| Task to complete |
What is needed is an exact copy of the whole listing below, with no pictures.

| Recorded data |
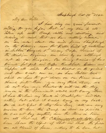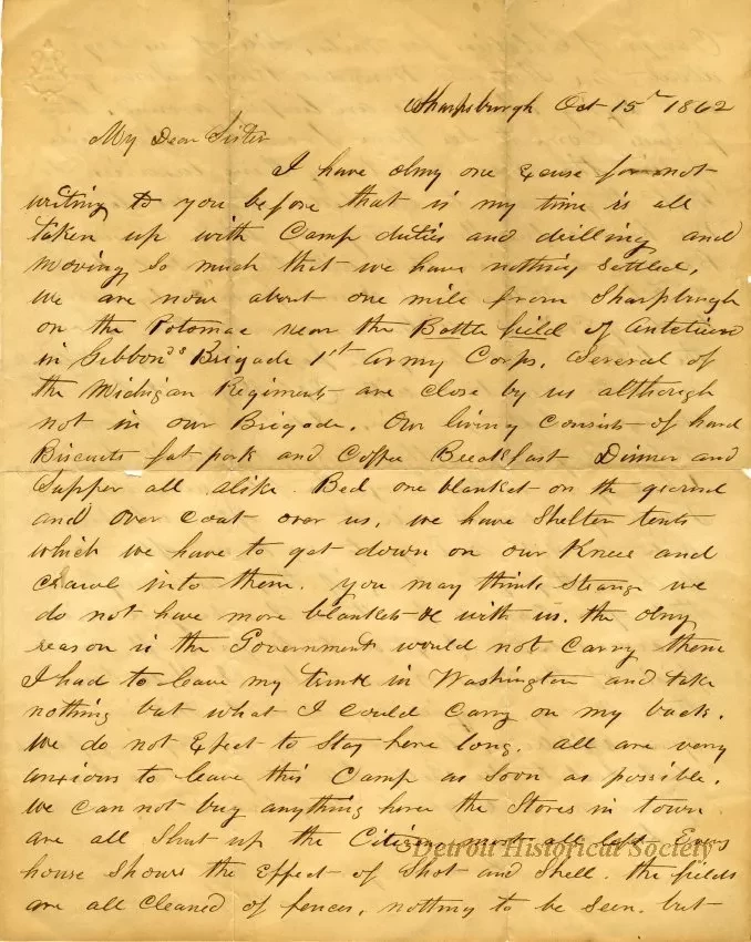 Letter reads, "My Dear Sister, I have only one excuse for not writing to you before that in my time is all taken up with Camp duties, and drilling and moving so much that we have noting settled. We are now about one mile from Sharp burgh on the Potomac near the Battle field of Antietam in Gibbon's Brigade, 1st Army Corps. Several of the Michigan regiments are close by us although not in our Brigade. Our living consists of hard biscuits, fat pork, and coffee. Breakfast, Dinner and Supper all alike. Bed one blanket on the ground and over coat over us, we have shelter tents which we have to get down on our knees and crawl into them. You may think strange we do not have more blankets with us. The only reason is the Government would not carry them. I had to leave my trunk in Washington and take nothing but what I could carry on by back. We do not expect to stay here long. All are very anxious to leave this camp as soon as possible. We cannot buy anything here. The stores in town are all shut up, the citizens most all left. Every house shows the effect of shot and shell. The fields are all cleaned of fences, nothing to be seen, but camps of soldiers for miles. Sight of us lays about - One house and wounded Rebels, some groaning and dying, while others are limping around. Their friends come to see them from the other side of the river and bring them luxuries, so that they seem to live better than we do. We have a fire show every day which consists of Balloon ascension that with the constant blowing of Fifes and beating of drums from, 'early morn to dewy eve' in all the amusements that is on the fields. I see by the paper that Capt. William is on the new boat with Capt. Vigen, I hope the change is better for him. I red a letter from home a days ago, Father did not like it because I had gone in the army. The folks were all well I wish you would write to me often whether I write or not and go to my house often and see and see how they get along if they need anything that you can do for them I hope you will accommodate. I expect to be paid off on the first of the next month when I shall send them money. Give my respects to William and your children. Remember to me all enquiring friends. Don't fail to see Betty, tell her you have heard from me and give her my love, I wrote her a few days ago. I remain your brother, A. W. Sprague."
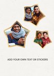 Front of card: A modern design featuring 3 star shaped photo upload frame edged in gold. This fully editable design allows you to add text and stickers to create a truly personalised card.
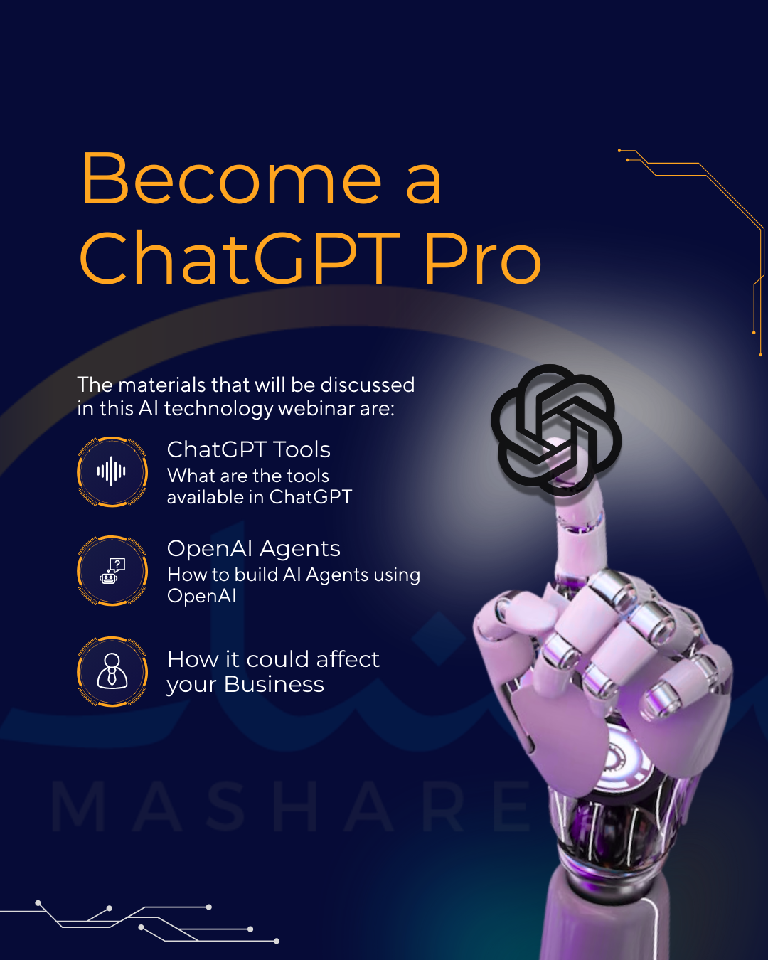 We are pleased to introduce our AI Technology Executive Webinar, a strategic session designed for senior professionals and decision-makers seeking to integrate artificial intelligence as a core organizational capability. The webinar provides an executive-level overview of advanced ChatGPT applications, the development of AI Agents using OpenAI technologies, and practical frameworks for deploying AI to enhance operational efficiency, strengthen data-driven decision-making, and accelerate sustainable digital transformation within their organizations.
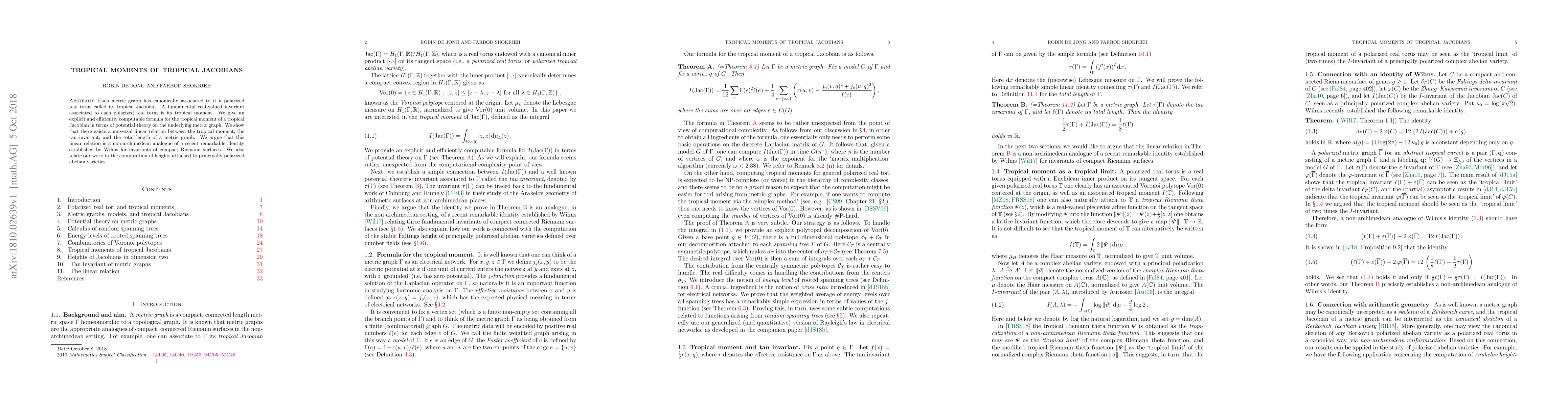 Each metric graph has canonically associated to it a polarized real torus called its tropical Jacobian. A fundamental real-valued invariant associated to each polarized real torus is its tropical moment. We give an explicit and efficiently computable formula for the tropical moment of a tropical Jacobian in terms of potential theory on the underlying metric graph. We show that there exists a universal linear relation between the tropical moment, the tau invariant, and the total length of a metric graph. We argue that this linear relation is a non-archimedean analogue of a recent remarkable identity established by Wilms for invariants of compact Riemann surfaces. We also relate our work to the computation of heights attached to principally polarized abelian varieties.
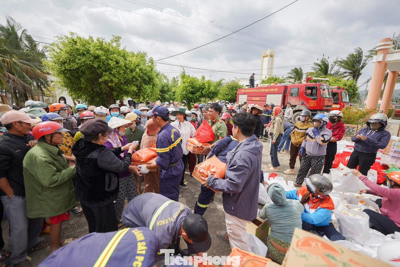 Cảnh sát Phòng cháy chữa cháy TP.HCM ( PC07) hỗ trợ bà con vùng lũ. Ảnh: Phạm Nguyễn
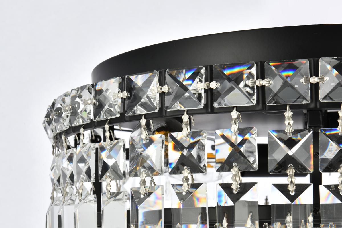 A riot of shapes and textures, Maxime collection flush mounts sparkle in a mosaic of crystal tiles. Square and rectangular precision-cut crystals form the flamboyant exterior while faceted crystal balls create a bubbled effect for light to shine through beneath. Available in a black or chrome finish with clear crystals, these lamps are a luxurious addition to a kitchen, stairwell, foyer, or living room.
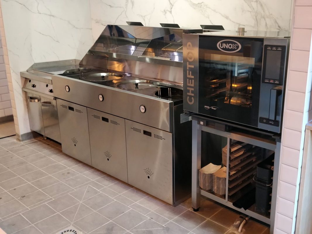 Aménagement du stand avec production en flux tendu, assurée par 1 plancha chrome lisse au gaz de 40 dm² à 2 zônes de cuisson, sur placard fermé – 1 grande friteuse traditionnelle gaz 3 cuves pour des frites fraîches authentiques « ch’tis » – un four mixte électrique 5 niveaux GN 1/1 sur support à glissières – Extraction avec hotte sur l’ensemble.

| Exercise solution |
 Letter reads, "My Dear Sister, I have only one excuse for not writing to you before that in my time is all taken up with Camp duties, and drilling and moving so much that we have noting settled. We are now about one mile from Sharp burgh on the Potomac near the Battle field of Antietam in Gibbon's Brigade, 1st Army Corps. Several of the Michigan regiments are close by us although not in our Brigade. Our living consists of hard biscuits, fat pork, and coffee. Breakfast, Dinner and Supper all alike. Bed one blanket on the ground and over coat over us, we have shelter tents which we have to get down on our knees and crawl into them. You may think strange we do not have more blankets with us. The only reason is the Government would not carry them. I had to leave my trunk in Washington and take nothing but what I could carry on by back. We do not expect to stay here long. All are very anxious to leave this camp as soon as possible. We cannot buy anything here. The stores in town are all shut up, the citizens most all left. Every house shows the effect of shot and shell. The fields are all cleaned of fences, nothing to be seen, but camps of soldiers for miles. Sight of us lays about - One house and wounded Rebels, some groaning and dying, while others are limping around. Their friends come to see them from the other side of the river and bring them luxuries, so that they seem to live better than we do. We have a fire show every day which consists of Balloon ascension that with the constant blowing of Fifes and beating of drums from, 'early morn to dewy eve' in all the amusements that is on the fields. I see by the paper that Capt. William is on the new boat with Capt. Vigen, I hope the change is better for him. I red a letter from home a days ago, Father did not like it because I had gone in the army. The folks were all well I wish you would write to me often whether I write or not and go to my house often and see and see how they get along if they need anything that you can do for them I hope you will accommodate. I expect to be paid off on the first of the next month when I shall send them money. Give my respects to William and your children. Remember to me all enquiring friends. Don't fail to see Betty, tell her you have heard from me and give her my love, I wrote her a few days ago. I remain your brother, A. W. Sprague."
 Front of card: A modern design featuring 3 star shaped photo upload frame edged in gold. This fully editable design allows you to add text and stickers to create a truly personalised card.
 We are pleased to introduce our AI Technology Executive Webinar, a strategic session designed for senior professionals and decision-makers seeking to integrate artificial intelligence as a core organizational capability. The webinar provides an executive-level overview of advanced ChatGPT applications, the development of AI Agents using OpenAI technologies, and practical frameworks for deploying AI to enhance operational efficiency, strengthen data-driven decision-making, and accelerate sustainable digital transformation within their organizations.
 Each metric graph has canonically associated to it a polarized real torus called its tropical Jacobian. A fundamental real-valued invariant associated to each polarized real torus is its tropical moment. We give an explicit and efficiently computable formula for the tropical moment of a tropical Jacobian in terms of potential theory on the underlying metric graph. We show that there exists a universal linear relation between the tropical moment, the tau invariant, and the total length of a metric graph. We argue that this linear relation is a non-archimedean analogue of a recent remarkable identity established by Wilms for invariants of compact Riemann surfaces. We also relate our work to the computation of heights attached to principally polarized abelian varieties.
 Cảnh sát Phòng cháy chữa cháy TP.HCM ( PC07) hỗ trợ bà con vùng lũ. Ảnh: Phạm Nguyễn
 A riot of shapes and textures, Maxime collection flush mounts sparkle in a mosaic of crystal tiles. Square and rectangular precision-cut crystals form the flamboyant exterior while faceted crystal balls create a bubbled effect for light to shine through beneath. Available in a black or chrome finish with clear crystals, these lamps are a luxurious addition to a kitchen, stairwell, foyer, or living room.
 Aménagement du stand avec production en flux tendu, assurée par 1 plancha chrome lisse au gaz de 40 dm² à 2 zônes de cuisson, sur placard fermé – 1 grande friteuse traditionnelle gaz 3 cuves pour des frites fraîches authentiques « ch’tis » – un four mixte électrique 5 niveaux GN 1/1 sur support à glissières – Extraction avec hotte sur l’ensemble.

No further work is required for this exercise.